# Exercise prompt
Leaving the pictures aside, transcribe the data below exactly.

# Source data
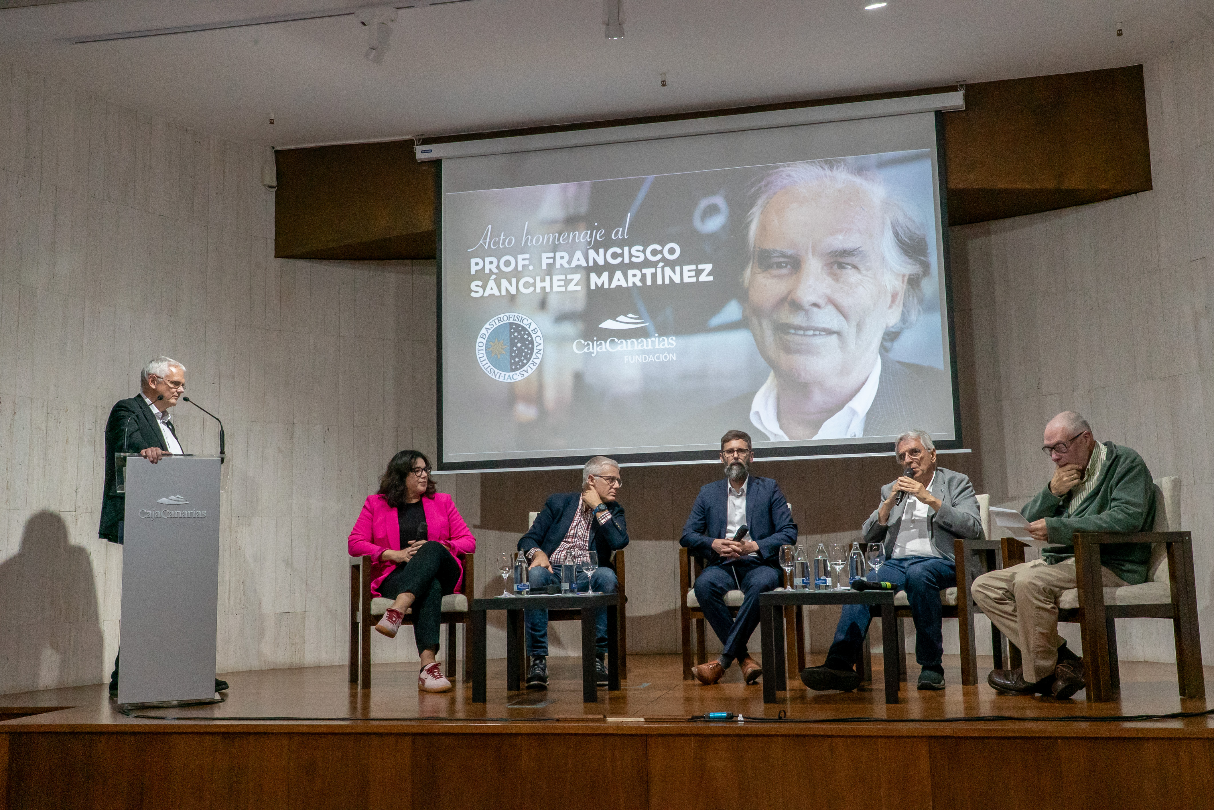 El acto culminó con una mesa redonda que reunió a cinco voces clave del IAC quienes destacaron el legado del fundador del IAC: Verónica Martín, jefa de la Unidad de Comunicación y Cultura Científica del IAC; Romano Corradi, director del Gran Telescopio Canarias; Rubén Sánchez, director del Isaac Newton Group of Telescopes; Pedro Álvarez, exdirector del Gran Telescopio Canarias; y Juan Carlos Pérez Arencibia, exadministrador del Observatorio del Roque de los Muchachos.
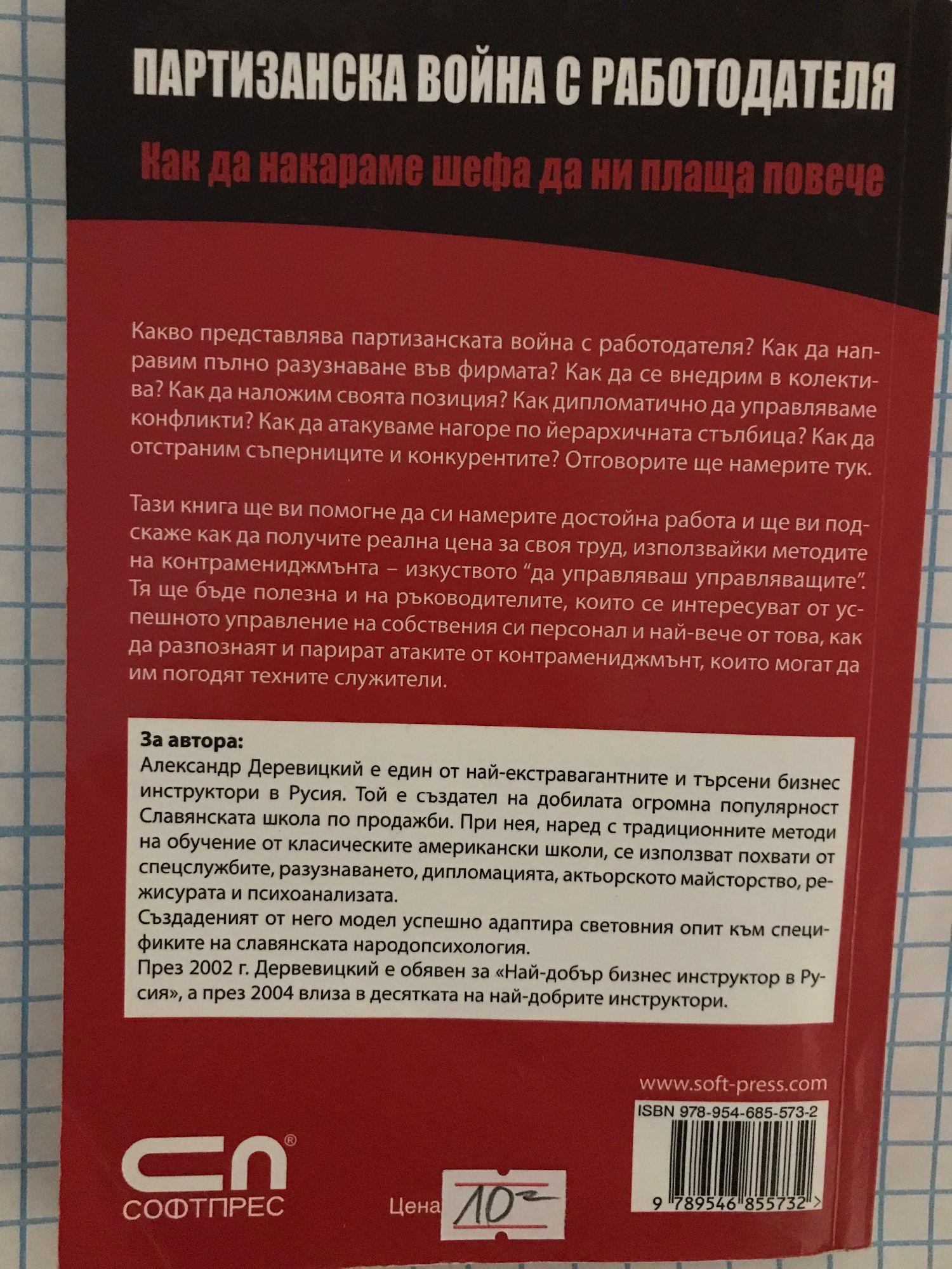 Какво представлява партизанската война с работодателя? Как да направим пълно разузнаване във фирмата? Как да се внедрим в колектива? Как да наложим своята позиция? Как дипломатично да управляваме конфликти? Как да атакуваме нагоре по йерархичната стълбица? Как да отстраним съперниците и конкурентите? Отговорите ще намерите тук. Тази книга ще ви помогне да си намерите достойна работа и ще ви подскаже как да получите реална цена за своя труд, използвайки методите на контрамениджмънта – изкуството “да управляваш управляващите”. Тя ще бъде полезна и на ръководителите, които се интересуват от успешното управление на собствения си персонал и най-вече от това, как да разпознаят и парират атаките от контрамениджмънт, които могат да им погодят техните служители.
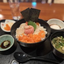 先月の話ですが、、、 ディズニーランドの北斎にて。 夏期限定の和食膳。 海鮮丼をお出汁でも戴ける趣向でした。 限定のお箸付で美味しかったです♪
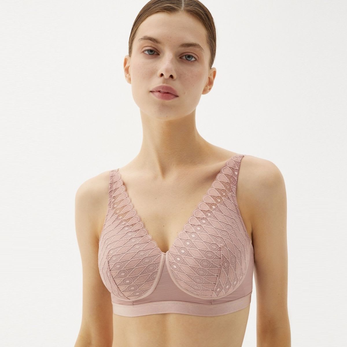 Wire-free design for irritation-free wear. Lightly padded cups offer balanced shaping and volume. Wide back band and straps reduce shoulder pressure and enhance support. Subtle lace detailing adds softness, femininity, and coverage. Designed to fit seamlessly under your favourite clothes.

# Result for this task
 El acto culminó con una mesa redonda que reunió a cinco voces clave del IAC quienes destacaron el legado del fundador del IAC: Verónica Martín, jefa de la Unidad de Comunicación y Cultura Científica del IAC; Romano Corradi, director del Gran Telescopio Canarias; Rubén Sánchez, director del Isaac Newton Group of Telescopes; Pedro Álvarez, exdirector del Gran Telescopio Canarias; y Juan Carlos Pérez Arencibia, exadministrador del Observatorio del Roque de los Muchachos.
 Какво представлява партизанската война с работодателя? Как да направим пълно разузнаване във фирмата? Как да се внедрим в колектива? Как да наложим своята позиция? Как дипломатично да управляваме конфликти? Как да атакуваме нагоре по йерархичната стълбица? Как да отстраним съперниците и конкурентите? Отговорите ще намерите тук. Тази книга ще ви помогне да си намерите достойна работа и ще ви подскаже как да получите реална цена за своя труд, използвайки методите на контрамениджмънта – изкуството “да управляваш управляващите”. Тя ще бъде полезна и на ръководителите, които се интересуват от успешното управление на собствения си персонал и най-вече от това, как да разпознаят и парират атаките от контрамениджмънт, които могат да им погодят техните служители.
 先月の話ですが、、、 ディズニーランドの北斎にて。 夏期限定の和食膳。 海鮮丼をお出汁でも戴ける趣向でした。 限定のお箸付で美味しかったです♪
 Wire-free design for irritation-free wear. Lightly padded cups offer balanced shaping and volume. Wide back band and straps reduce shoulder pressure and enhance support. Subtle lace detailing adds softness, femininity, and coverage. Designed to fit seamlessly under your favourite clothes.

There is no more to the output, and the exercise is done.